- Royal coat of arms of the United Kingdom

Lady Justice of Appeal
- In office 2013–2025
- Monarchs: Elizabeth II Charles III

High Court Judge Family Division
- In office 2005–2020

Personal details
- Born: 17 April 1957 (age 69) United Kingdom
- Alma mater: University of Sheffield

= Julia Macur =

British judge (born 1957)

Dame Julia Wendy Macur, DBE (born 17 April 1957), known as The Rt Hon Lady Justice Macur, was a British judge of the Court of Appeal of England and Wales. Between April 2017 and December 2019, she was the Senior Presiding Judge for England and Wales.

She studied law at the University of Sheffield, graduating in 1978. She was called to the bar in 1979, and was a practising barrister on the Midland and Oxford Circuit between 1979 and 2005, working in Birmingham.

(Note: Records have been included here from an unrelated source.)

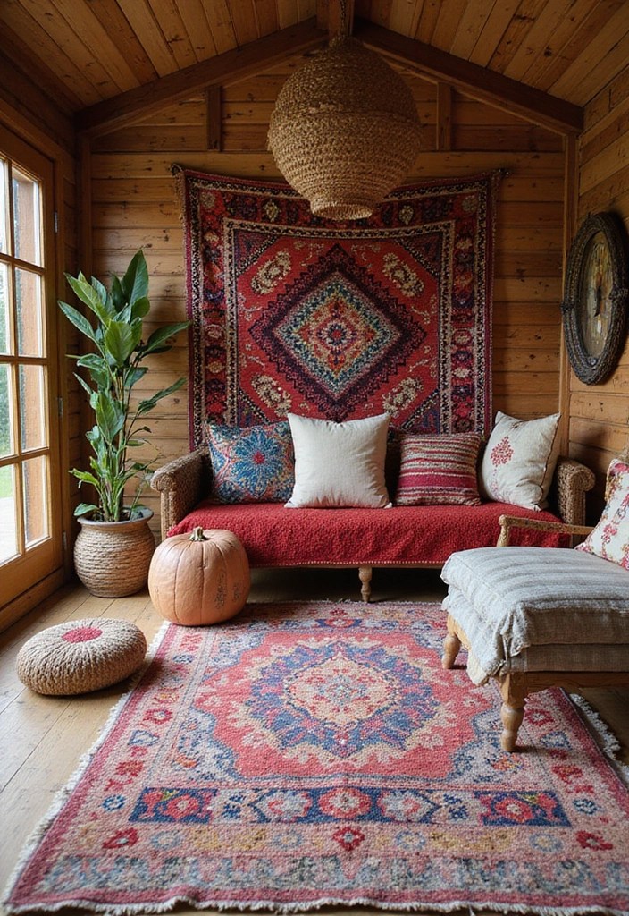 Colorful rugs can bring the boho vibe home, making your shed feel warm and inviting.
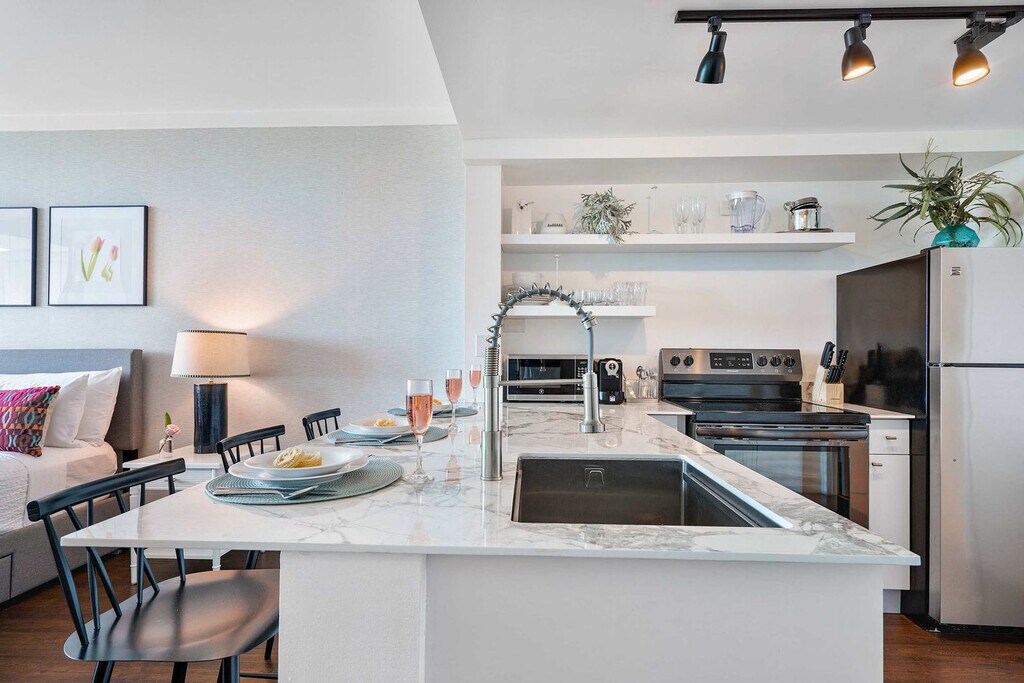 The advertised rate of $5,258/month is the lowest available price, based on a 30 day(s) stay with a move-in date of May 13, 2026. Rates vary depending on the duration of stay, season, and other parameters. For exact pricing and additional pricing components, please visit our website and enter your desired move-in and move-out dates. The rate is applicable when billed upfront; it can be higher if billed in multiple payments. Feel at home in this studio in Coconut Grove, offering a calm and intentional stay. This studio features a king-size bed with hotel-quality linens, a private bathroom with plush towels and toiletries, a TV, high-speed Wi-Fi, and a fully equipped kitchen that includes a fridge, microwave, dishwasher, and coffee maker. Bathrobes and thoughtful details are included for your comfort. On-site self-parking is available for $33.90 per night with in-and-out privileges. A pack and play and high chair are available by advance reservation and subject to availability for an additional cost. Coconut Grove is one of Miami’s most walkable and historic neighborhoods, with leafy streets, a relaxed village feel, and many restaurants and cafés. You’ll be steps from CocoWalk for dining, cafes and boutique shops, Peacock Park and David Kennedy Park for bayfront walks, and The Barnacle State Park for historic gardens and shade. The Vizcaya Museum, Coral Gables, Key Biscayne and Brickell are a short ride away. Check-in is at 4:00 PM and check-out is at 11:00 AM. Pets are not permitted as per building regulation. No parties or loud gatherings are allowed. No smoking or vaping of any substance is allowed anywhere in the building or unit. Keep balcony doors closed at all times to prevent humidity damage to walls and ceilings. Do not block curtains or tamper with any safety devices or equipment in the unit. If the unit has a dividing door (for adjoining suites), please leave it open unless you have booked both sides; if closed, a neighbor could accidentally enter the wrong room. Includes a workspace-friendly layout. [SI]
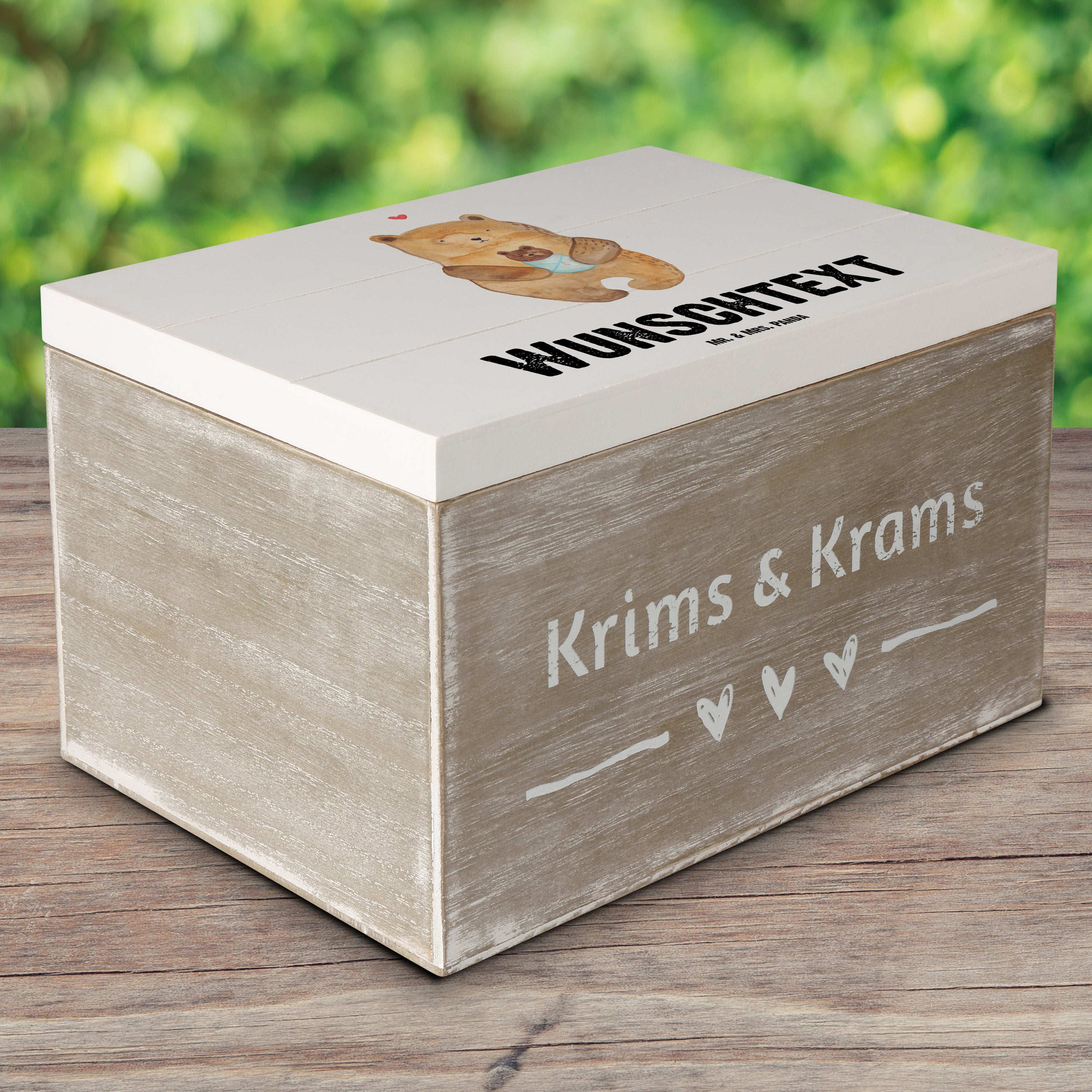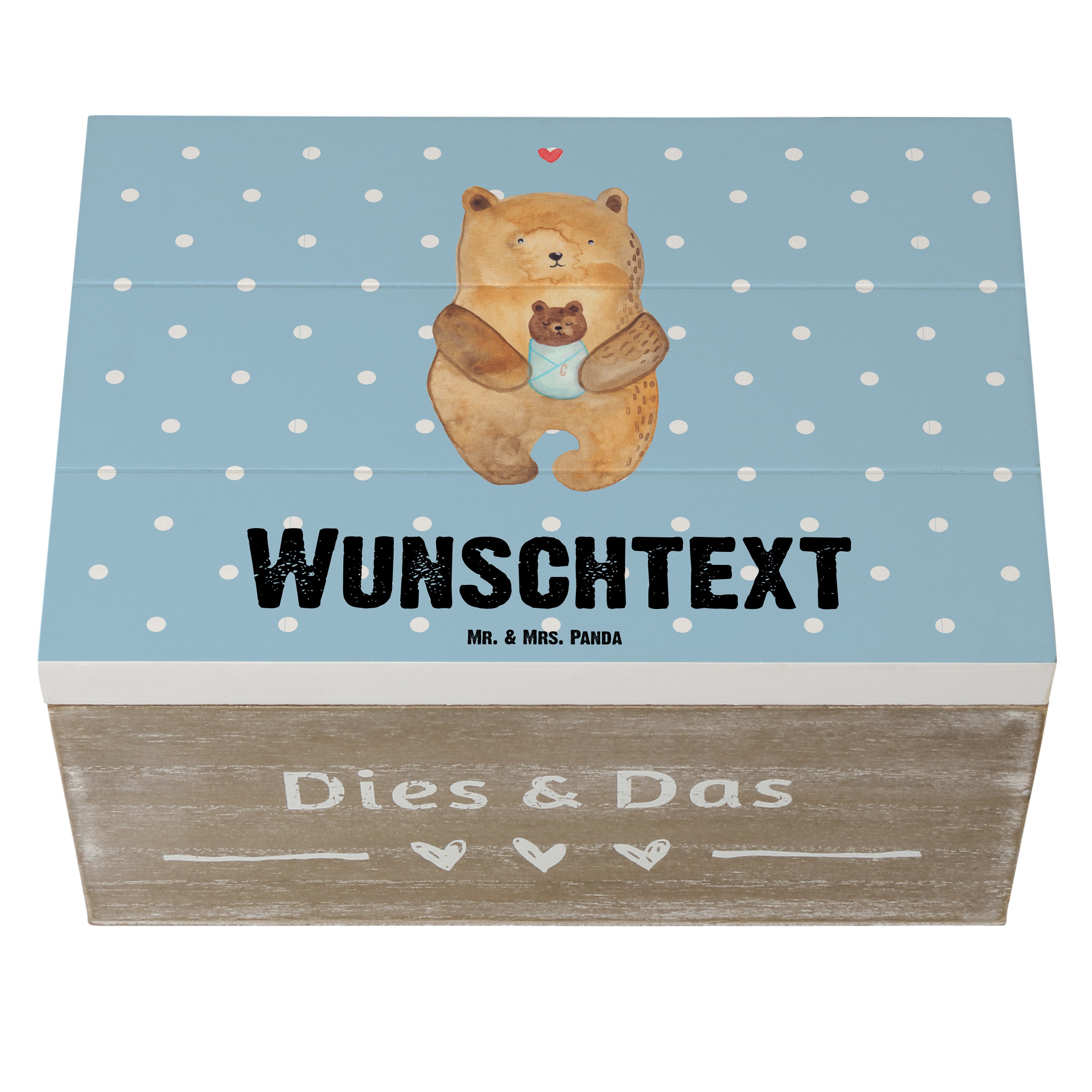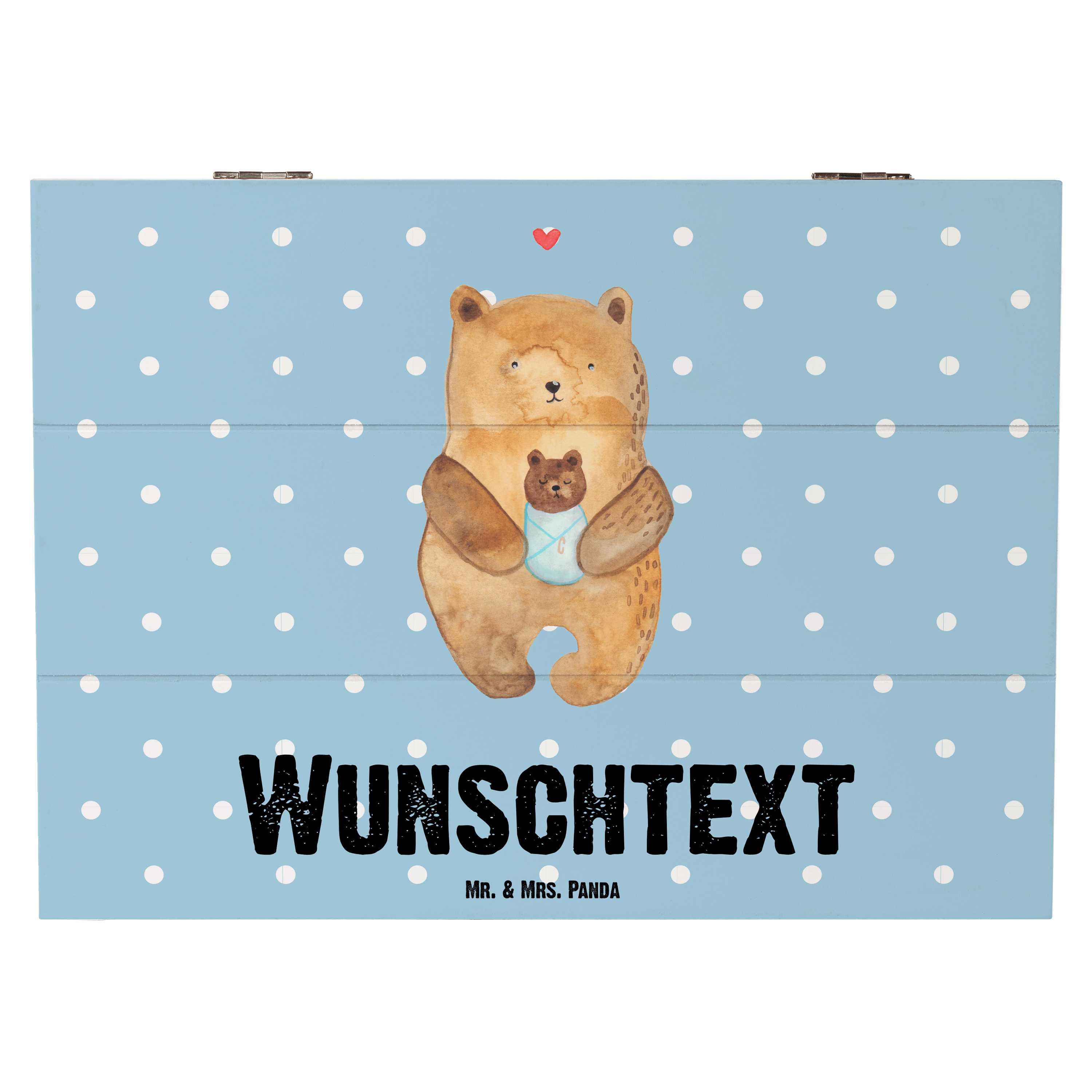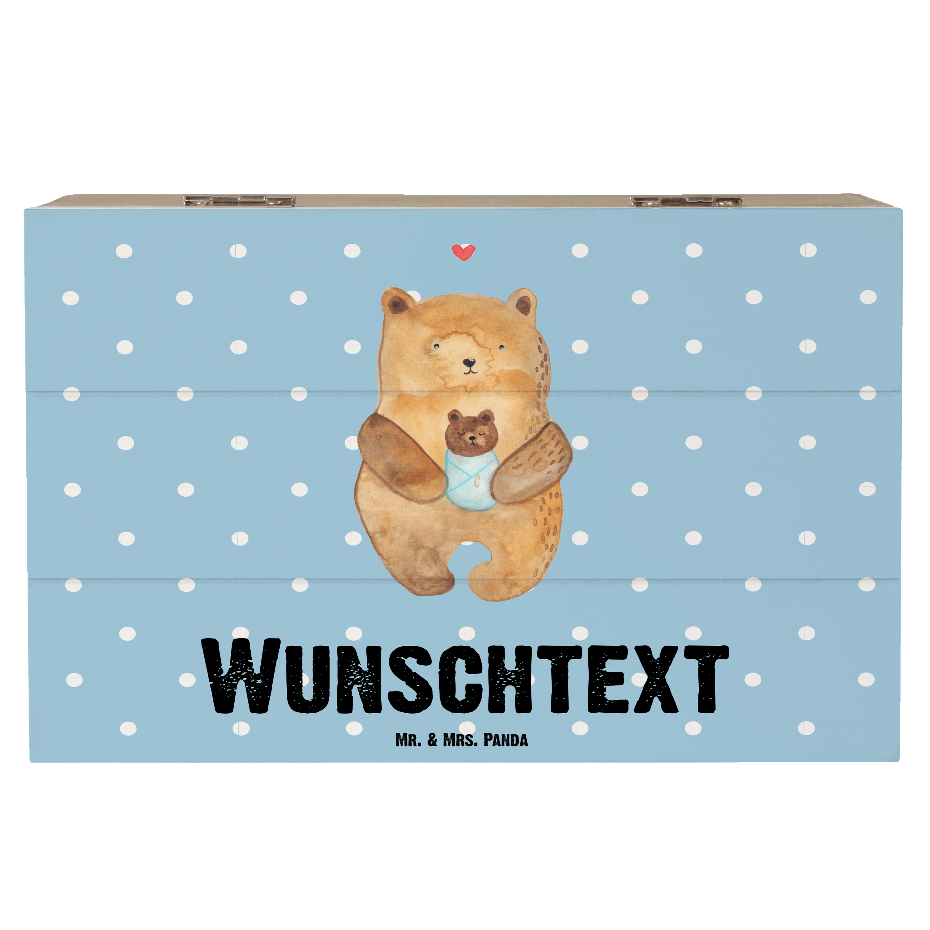 Personalisierte Holzkiste Bär mit Baby - Weiß - 19 x 12 cm

She was appointed Queen's Counsel in 1998, and was a Recorder of the Crown Court between 1999 and 2005, when she was appointed to the High Court. On 1 October 2013, she was appointed a Lady Justice of Appeal, a position from which she retired with effect from 4 October 2025.

In November 2012 she was appointed by Home Secretary Theresa May to review, the terms of the Waterhouse inquiry into the North Wales child abuse scandal, which had reported in 2000.

In 2015, it was announced she would become Deputy Senior Presiding Judge from 1 January 2016 and Senior Presiding Judge for England and Wales from 1 January 2018; this was brought forward to April 2017 on the appointment of Lord Justice Fulford as the Investigatory Powers Commissioner.